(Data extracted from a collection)
══════════
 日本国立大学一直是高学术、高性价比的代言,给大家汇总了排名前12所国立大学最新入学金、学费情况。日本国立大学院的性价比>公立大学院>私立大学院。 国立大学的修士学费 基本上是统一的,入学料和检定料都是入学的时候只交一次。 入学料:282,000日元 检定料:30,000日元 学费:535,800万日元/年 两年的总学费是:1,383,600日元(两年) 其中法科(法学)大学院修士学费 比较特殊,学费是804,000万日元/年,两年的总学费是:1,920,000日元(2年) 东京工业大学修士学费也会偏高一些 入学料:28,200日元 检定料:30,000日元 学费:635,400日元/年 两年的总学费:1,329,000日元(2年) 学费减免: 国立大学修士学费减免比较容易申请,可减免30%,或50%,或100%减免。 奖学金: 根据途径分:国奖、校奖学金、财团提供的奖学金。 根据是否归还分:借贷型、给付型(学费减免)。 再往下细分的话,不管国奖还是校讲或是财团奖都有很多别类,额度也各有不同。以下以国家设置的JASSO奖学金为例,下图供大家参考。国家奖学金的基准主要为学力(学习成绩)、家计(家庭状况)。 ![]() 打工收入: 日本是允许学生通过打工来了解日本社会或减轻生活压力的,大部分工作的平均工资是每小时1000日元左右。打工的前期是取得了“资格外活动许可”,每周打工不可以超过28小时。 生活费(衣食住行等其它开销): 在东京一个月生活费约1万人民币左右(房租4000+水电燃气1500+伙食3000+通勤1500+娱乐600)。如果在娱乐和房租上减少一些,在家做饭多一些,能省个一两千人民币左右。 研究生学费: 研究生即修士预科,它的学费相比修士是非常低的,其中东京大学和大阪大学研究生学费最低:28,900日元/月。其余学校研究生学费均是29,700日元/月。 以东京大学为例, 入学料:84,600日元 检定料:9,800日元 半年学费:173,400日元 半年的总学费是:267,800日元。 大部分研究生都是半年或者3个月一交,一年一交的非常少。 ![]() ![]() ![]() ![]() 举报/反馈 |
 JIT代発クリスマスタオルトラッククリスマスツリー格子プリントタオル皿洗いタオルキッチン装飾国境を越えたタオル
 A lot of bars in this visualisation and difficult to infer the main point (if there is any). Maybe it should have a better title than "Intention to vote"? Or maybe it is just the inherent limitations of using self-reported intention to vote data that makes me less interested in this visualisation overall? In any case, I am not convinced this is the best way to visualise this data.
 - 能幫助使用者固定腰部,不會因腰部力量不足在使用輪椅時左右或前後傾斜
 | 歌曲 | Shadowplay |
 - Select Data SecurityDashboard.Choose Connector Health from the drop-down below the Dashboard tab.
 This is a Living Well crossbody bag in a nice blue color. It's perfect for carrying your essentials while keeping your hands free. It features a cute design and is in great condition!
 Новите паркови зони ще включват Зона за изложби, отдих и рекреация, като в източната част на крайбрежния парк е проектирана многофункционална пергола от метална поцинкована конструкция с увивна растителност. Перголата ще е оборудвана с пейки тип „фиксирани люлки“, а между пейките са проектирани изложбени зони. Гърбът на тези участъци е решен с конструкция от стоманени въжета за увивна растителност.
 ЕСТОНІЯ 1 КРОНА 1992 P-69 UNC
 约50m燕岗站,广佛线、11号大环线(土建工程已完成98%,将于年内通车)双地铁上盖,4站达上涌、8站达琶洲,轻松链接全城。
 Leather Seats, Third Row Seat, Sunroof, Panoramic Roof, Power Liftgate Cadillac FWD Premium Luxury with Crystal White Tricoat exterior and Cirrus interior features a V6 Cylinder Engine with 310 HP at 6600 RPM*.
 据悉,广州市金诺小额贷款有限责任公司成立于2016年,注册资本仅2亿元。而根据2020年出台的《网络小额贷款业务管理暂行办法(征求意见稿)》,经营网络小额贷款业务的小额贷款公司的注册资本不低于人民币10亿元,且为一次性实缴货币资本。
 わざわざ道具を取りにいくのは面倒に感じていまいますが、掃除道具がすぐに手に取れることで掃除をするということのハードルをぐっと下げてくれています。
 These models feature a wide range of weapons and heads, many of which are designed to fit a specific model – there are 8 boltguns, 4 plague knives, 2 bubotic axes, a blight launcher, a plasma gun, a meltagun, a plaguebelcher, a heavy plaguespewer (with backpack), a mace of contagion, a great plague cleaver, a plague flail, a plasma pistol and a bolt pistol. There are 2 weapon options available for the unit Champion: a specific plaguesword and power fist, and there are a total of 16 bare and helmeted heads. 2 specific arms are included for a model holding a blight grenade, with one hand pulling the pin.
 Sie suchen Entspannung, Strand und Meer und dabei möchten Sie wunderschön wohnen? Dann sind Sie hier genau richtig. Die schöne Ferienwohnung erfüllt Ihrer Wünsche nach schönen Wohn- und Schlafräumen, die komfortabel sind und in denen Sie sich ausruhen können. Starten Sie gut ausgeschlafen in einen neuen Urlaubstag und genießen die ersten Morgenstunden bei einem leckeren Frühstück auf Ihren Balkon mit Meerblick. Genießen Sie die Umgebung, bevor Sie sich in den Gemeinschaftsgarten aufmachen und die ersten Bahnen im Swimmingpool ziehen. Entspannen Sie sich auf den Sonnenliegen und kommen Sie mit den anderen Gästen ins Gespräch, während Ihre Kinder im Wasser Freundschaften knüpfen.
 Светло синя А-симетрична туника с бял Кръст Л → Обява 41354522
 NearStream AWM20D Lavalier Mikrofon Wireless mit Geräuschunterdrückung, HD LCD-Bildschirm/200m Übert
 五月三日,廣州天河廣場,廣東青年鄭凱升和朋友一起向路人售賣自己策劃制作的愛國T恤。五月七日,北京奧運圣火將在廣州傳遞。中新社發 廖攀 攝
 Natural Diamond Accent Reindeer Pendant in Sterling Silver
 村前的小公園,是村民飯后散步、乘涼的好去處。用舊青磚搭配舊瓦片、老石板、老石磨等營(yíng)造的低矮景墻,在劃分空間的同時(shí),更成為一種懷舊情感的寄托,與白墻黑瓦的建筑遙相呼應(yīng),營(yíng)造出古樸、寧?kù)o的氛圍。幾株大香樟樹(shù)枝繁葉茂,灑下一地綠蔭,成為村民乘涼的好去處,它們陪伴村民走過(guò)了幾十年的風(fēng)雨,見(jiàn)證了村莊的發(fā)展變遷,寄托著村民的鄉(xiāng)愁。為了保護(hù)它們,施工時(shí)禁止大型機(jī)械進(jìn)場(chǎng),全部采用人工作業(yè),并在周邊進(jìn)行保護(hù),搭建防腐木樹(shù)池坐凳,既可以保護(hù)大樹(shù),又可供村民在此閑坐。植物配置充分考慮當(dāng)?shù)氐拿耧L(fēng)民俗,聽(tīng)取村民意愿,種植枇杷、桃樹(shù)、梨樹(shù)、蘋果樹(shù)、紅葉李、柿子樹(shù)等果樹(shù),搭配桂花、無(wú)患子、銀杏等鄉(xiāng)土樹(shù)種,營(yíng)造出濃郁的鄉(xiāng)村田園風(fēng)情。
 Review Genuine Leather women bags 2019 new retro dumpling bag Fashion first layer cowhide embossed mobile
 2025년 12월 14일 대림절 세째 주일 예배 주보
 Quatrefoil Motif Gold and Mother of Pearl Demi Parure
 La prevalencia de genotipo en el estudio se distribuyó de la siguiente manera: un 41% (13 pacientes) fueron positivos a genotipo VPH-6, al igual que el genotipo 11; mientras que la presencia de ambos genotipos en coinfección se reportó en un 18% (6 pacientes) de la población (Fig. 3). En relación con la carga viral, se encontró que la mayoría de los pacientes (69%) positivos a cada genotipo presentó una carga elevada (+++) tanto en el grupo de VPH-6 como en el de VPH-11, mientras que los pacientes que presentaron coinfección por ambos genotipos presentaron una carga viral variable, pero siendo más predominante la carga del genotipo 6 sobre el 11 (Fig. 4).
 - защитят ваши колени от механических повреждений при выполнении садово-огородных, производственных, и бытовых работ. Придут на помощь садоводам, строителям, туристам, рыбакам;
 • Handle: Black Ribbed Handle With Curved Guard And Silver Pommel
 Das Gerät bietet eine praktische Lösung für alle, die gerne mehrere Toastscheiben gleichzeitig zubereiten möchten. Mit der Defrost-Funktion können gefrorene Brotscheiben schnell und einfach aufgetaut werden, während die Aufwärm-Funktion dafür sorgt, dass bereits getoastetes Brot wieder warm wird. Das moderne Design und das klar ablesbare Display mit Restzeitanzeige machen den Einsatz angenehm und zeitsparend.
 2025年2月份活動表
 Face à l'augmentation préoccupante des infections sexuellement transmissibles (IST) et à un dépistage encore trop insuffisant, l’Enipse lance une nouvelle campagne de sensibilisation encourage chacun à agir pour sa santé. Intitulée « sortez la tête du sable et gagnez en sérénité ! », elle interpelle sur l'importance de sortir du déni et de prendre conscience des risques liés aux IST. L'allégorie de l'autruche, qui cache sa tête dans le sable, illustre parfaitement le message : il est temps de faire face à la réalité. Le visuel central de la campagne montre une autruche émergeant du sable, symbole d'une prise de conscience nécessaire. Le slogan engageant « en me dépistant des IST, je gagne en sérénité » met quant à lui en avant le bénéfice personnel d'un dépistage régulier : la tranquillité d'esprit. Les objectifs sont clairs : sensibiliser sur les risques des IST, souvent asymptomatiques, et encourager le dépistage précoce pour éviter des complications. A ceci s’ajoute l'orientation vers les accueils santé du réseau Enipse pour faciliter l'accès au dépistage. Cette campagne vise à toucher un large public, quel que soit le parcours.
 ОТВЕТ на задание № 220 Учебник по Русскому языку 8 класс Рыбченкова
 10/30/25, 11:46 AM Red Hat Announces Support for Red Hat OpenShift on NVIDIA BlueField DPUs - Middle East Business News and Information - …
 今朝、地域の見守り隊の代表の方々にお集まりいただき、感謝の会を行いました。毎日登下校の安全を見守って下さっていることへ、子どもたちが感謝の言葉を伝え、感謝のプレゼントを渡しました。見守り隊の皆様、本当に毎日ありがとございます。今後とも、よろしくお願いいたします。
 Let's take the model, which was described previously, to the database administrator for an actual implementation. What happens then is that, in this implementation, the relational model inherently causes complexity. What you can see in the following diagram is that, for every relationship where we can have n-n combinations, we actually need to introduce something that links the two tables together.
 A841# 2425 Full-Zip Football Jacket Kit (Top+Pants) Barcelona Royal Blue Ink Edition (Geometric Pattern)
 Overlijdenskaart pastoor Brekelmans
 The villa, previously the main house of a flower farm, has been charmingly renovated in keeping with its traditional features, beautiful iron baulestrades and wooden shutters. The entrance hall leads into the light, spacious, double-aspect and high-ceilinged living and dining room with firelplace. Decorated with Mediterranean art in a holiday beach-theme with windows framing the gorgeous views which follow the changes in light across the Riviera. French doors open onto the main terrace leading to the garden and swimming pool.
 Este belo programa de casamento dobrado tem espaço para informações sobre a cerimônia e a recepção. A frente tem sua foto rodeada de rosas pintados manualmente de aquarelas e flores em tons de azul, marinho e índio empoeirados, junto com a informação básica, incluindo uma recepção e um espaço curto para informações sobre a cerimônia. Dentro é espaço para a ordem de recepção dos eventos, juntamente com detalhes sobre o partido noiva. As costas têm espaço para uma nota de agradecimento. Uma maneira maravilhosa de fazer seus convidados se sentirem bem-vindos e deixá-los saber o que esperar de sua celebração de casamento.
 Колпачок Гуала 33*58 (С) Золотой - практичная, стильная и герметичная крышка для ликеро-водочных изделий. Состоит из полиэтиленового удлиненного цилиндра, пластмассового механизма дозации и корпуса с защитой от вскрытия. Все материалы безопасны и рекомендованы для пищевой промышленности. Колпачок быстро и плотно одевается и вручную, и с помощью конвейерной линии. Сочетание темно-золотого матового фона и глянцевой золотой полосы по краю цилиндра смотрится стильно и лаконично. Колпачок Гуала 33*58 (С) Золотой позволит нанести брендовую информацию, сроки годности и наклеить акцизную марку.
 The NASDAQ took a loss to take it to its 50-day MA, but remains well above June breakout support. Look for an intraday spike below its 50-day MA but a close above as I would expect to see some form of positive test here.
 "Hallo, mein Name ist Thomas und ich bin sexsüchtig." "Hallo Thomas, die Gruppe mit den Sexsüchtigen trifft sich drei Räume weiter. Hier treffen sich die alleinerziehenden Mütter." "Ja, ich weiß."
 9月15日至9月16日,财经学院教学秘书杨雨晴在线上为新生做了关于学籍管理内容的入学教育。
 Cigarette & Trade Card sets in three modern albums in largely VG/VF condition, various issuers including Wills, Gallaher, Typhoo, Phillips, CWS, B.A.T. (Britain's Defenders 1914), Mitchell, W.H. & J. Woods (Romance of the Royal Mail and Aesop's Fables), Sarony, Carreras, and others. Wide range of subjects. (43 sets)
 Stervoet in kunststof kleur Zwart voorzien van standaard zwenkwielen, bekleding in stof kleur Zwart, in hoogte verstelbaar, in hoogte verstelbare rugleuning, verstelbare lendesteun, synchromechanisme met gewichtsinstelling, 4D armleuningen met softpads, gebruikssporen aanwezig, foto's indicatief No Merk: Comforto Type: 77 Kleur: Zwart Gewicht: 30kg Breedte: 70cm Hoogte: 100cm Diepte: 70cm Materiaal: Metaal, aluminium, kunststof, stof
══════════
_What the task requires_
Among the lines above, find those holding the word "take" and state how many there are, number only.

_Result of this exercise_
2